» Directions: Would you reproduce the whole listing exactly, minus its images?

» Given data:

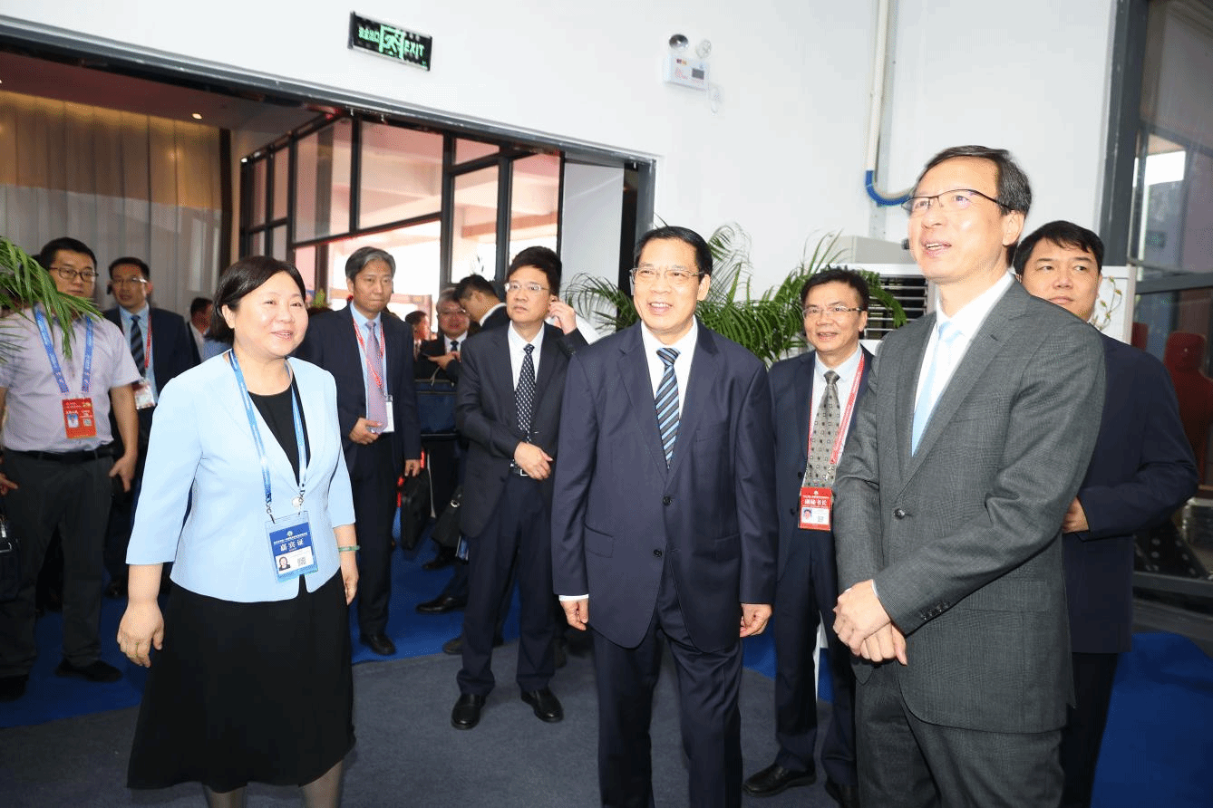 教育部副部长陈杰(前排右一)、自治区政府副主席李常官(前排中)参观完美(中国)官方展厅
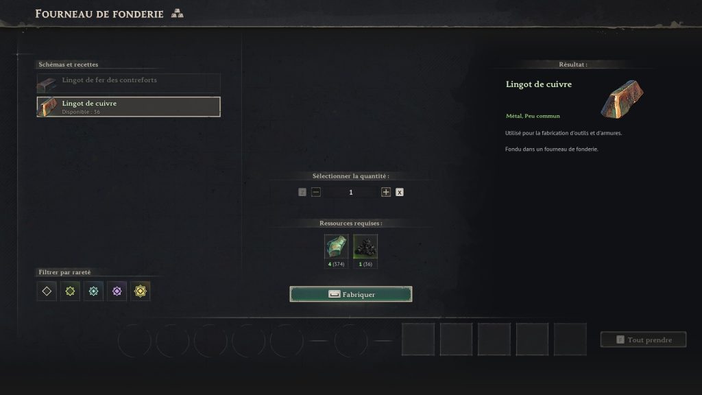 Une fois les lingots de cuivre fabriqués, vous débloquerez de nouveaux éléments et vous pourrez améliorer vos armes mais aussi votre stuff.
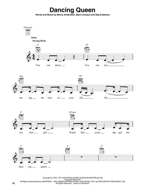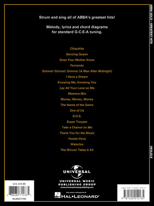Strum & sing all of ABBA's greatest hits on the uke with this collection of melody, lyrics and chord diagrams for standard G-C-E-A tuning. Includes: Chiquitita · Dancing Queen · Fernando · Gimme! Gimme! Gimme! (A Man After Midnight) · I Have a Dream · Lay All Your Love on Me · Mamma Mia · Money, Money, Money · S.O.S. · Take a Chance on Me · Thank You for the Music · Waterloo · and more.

» Result:
 教育部副部长陈杰(前排右一)、自治区政府副主席李常官(前排中)参观完美(中国)官方展厅
 Une fois les lingots de cuivre fabriqués, vous débloquerez de nouveaux éléments et vous pourrez améliorer vos armes mais aussi votre stuff.
Strum & sing all of ABBA's greatest hits on the uke with this collection of melody, lyrics and chord diagrams for standard G-C-E-A tuning. Includes: Chiquitita · Dancing Queen · Fernando · Gimme! Gimme! Gimme! (A Man After Midnight) · I Have a Dream · Lay All Your Love on Me · Mamma Mia · Money, Money, Money · S.O.S. · Take a Chance on Me · Thank You for the Music · Waterloo · and more.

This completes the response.